**ACTION ITEM:**
Beginning with the line containing "im Himmel, so" and ending with the line containing "Safar Express est", write out each line of the records below exactly; pictures and lines outside that range are left out.

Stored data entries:
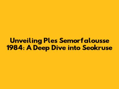 Unveiling Ples Semorfalousse 1984: A Deep Dive Into Seokruse
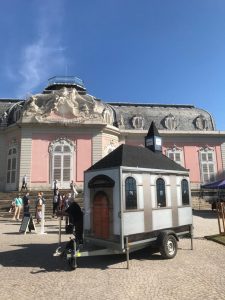 „Wie im Himmel, so auf Erden“ – so hieß das Motto des diesjährigen Himmelfahrtsgottesdienstes der Gemeinden Benrath, Düsseldorf-Süd, Garath und Urdenbach. Auf Grund der aktuellen Vorgaben konnte der Gottesdienst nicht wie die Jahre zuvor auf den Stufen des Benrather Schlosses gemeinsam mit den Bläsern gefeiert werden. Also wurde ein anderes Konzept ausprobiert und viele Gemeindeglieder machten sich bei strahlendem Sonnenschein auf den Pilgerweg rund um den Spiegelweiher. Der Gottesdienst war in vier Stationen aufgeteilt, an denen zu Beginn Pfarrer Florian Specht das Eingangsvotum und einen Psalm sprach. Bei Pfarrer Hilbrans aus Garath lauschten die Kleingruppen, die mit bis zu 5 Personen ihre Runde drehten,
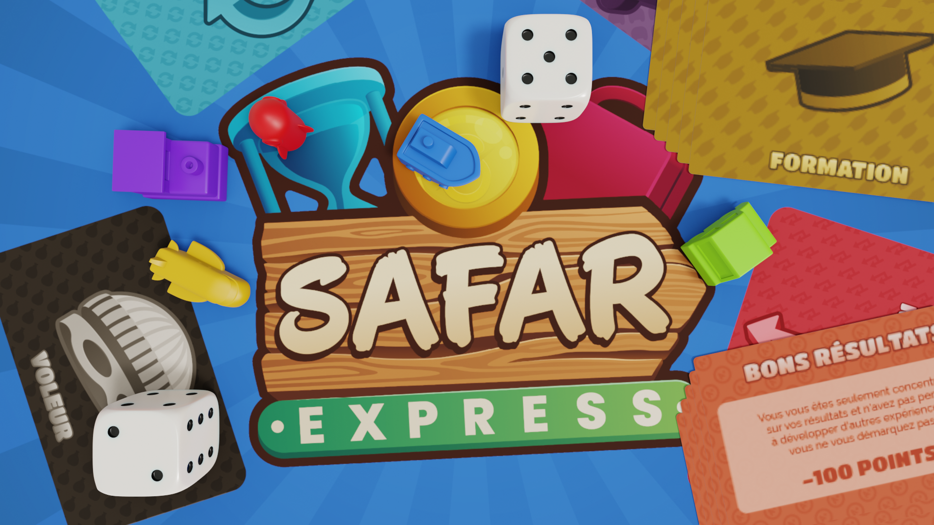 Safar Express est un jeu de société où les joueurs explorent diverses voies vers le succès, en prenant des décisions stratégiques et en naviguant à travers des stages, des projets associatifs, et des réseaux pour façonner leur avenir académique et professionnel. Chaque choix compte dans cette mission personnalisée vers la réussite.
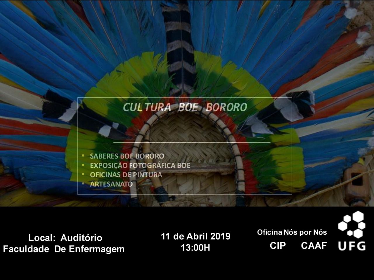 A Coordenação de Inclusão de Permanência/Prograd, convida toda a comunidade para participar da oficina "Nós por nós: cultura Boe Bororo". A atividade será realizada no auditório da Faculdade de Enfermagem no dia 11 de abril, a partir das 13h.
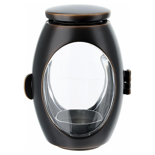 Lâmpada para cemitério bronze esmalte preto para vela votiva de 6 cm.
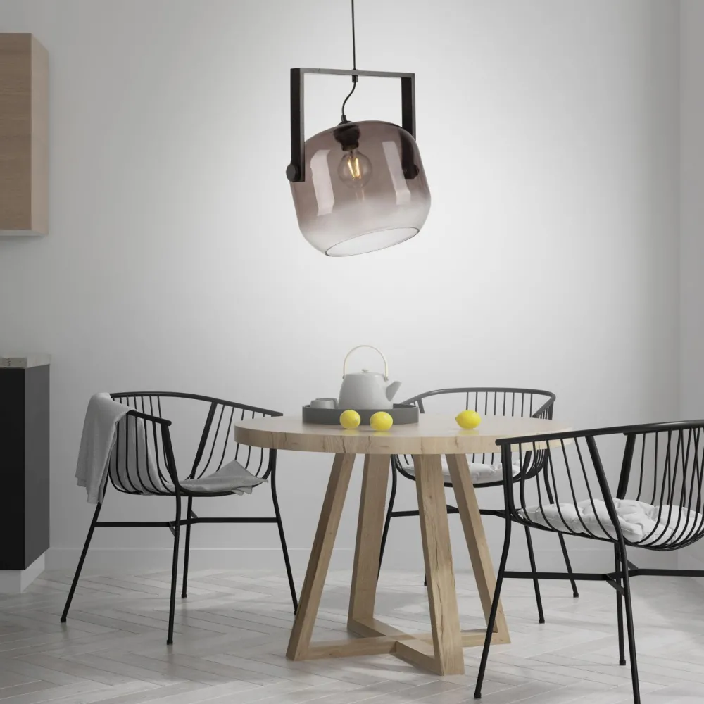 Der getönte Glasschirm streut das Licht blendarm für ein wohnliches Ambiente in Wohnzimmer und Esszimmer über dem Esstisch

**RESPONSE AREA:**
 „Wie im Himmel, so auf Erden“ – so hieß das Motto des diesjährigen Himmelfahrtsgottesdienstes der Gemeinden Benrath, Düsseldorf-Süd, Garath und Urdenbach. Auf Grund der aktuellen Vorgaben konnte der Gottesdienst nicht wie die Jahre zuvor auf den Stufen des Benrather Schlosses gemeinsam mit den Bläsern gefeiert werden. Also wurde ein anderes Konzept ausprobiert und viele Gemeindeglieder machten sich bei strahlendem Sonnenschein auf den Pilgerweg rund um den Spiegelweiher. Der Gottesdienst war in vier Stationen aufgeteilt, an denen zu Beginn Pfarrer Florian Specht das Eingangsvotum und einen Psalm sprach. Bei Pfarrer Hilbrans aus Garath lauschten die Kleingruppen, die mit bis zu 5 Personen ihre Runde drehten,
 Safar Express est un jeu de société où les joueurs explorent diverses voies vers le succès, en prenant des décisions stratégiques et en naviguant à travers des stages, des projets associatifs, et des réseaux pour façonner leur avenir académique et professionnel. Chaque choix compte dans cette mission personnalisée vers la réussite.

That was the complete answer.